The lack of specifics will immunize you against the accusation that you are a liar, and you’ll earn bonus points for discretion.

But that’s just one person’s advice. What do YOU think, Dr.Babooner?

Things Left Under The Snow

Thanks for the robust conversation yesterday. Obviously a snow day is good for at least one indoor activity – reading and posting comments on blogs!

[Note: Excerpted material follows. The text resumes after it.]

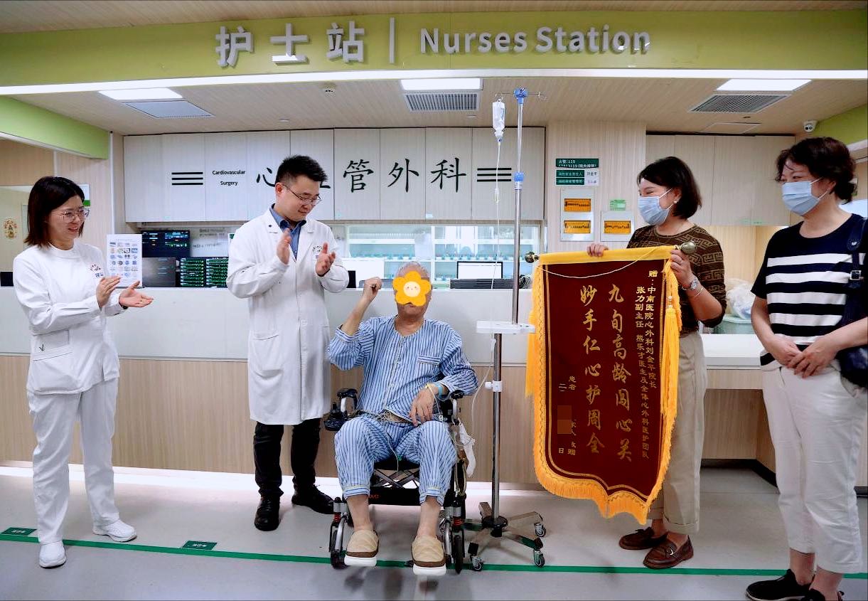 此前,老人因突发心源性休克、呼吸衰竭,情况十分危急。在中南医院多学科团队的联合救治下,闯过术前抢救、急诊心脏手术、术后康复三大难关。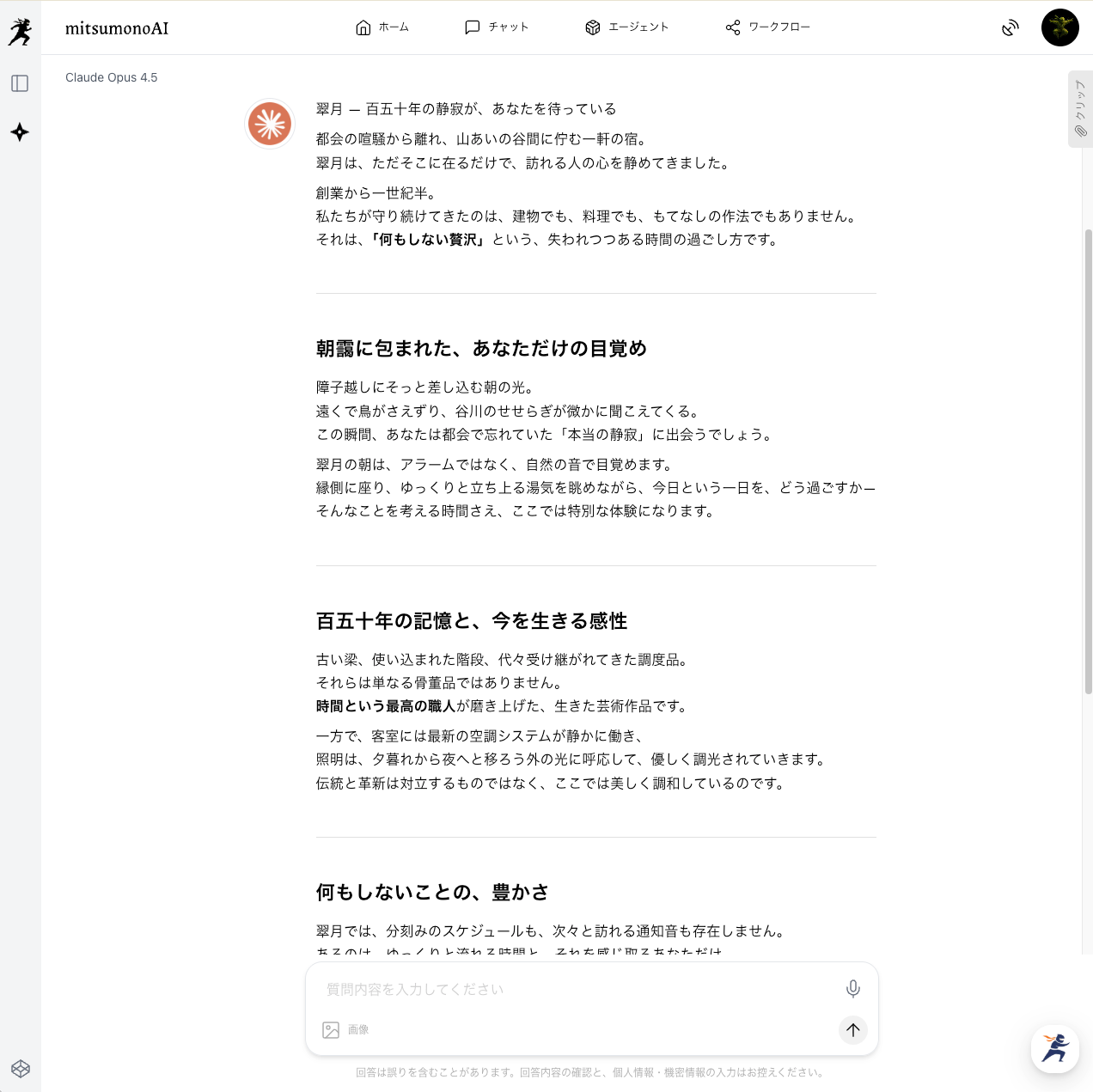 Claude Opus 4.5は、「時間という最高の職人が磨き上げた」といった洗練された比喩表現を用い、老舗旅館の重厚さと現代的な価値観を見事に調和させたブランドストーリーを生成しました。

Barbara in Robbinsdale sent this picture yesterday. It combines two recent themes – ladders and snow. (A terribly dangerous combination, Bathtub Safety Officer Rafferty would say.) It took this recent sequence of posts to open tim’s eyes to how rich he is in ladderage. Yesterday he reported owning two 8 foot ladders, a 16 footer, two 24 footers, a 36, and a 46. That’s 138 feet of ladders, or 46 yards, stretching about halfway down a football field, if you laid them end-to-end. But it would be crazy to do that. They’d be covered up with snow, and the football players would trip over them.

I found myself wishing I had put up Christmas lights and taken down birdbaths and the sundial while I watched the flakes swirl. The Twin Cities forecast includes temperatures above freezing every day for the next week, so there will be melting and a second chance to bring stuff inside.

What treasures did you leave under the snow?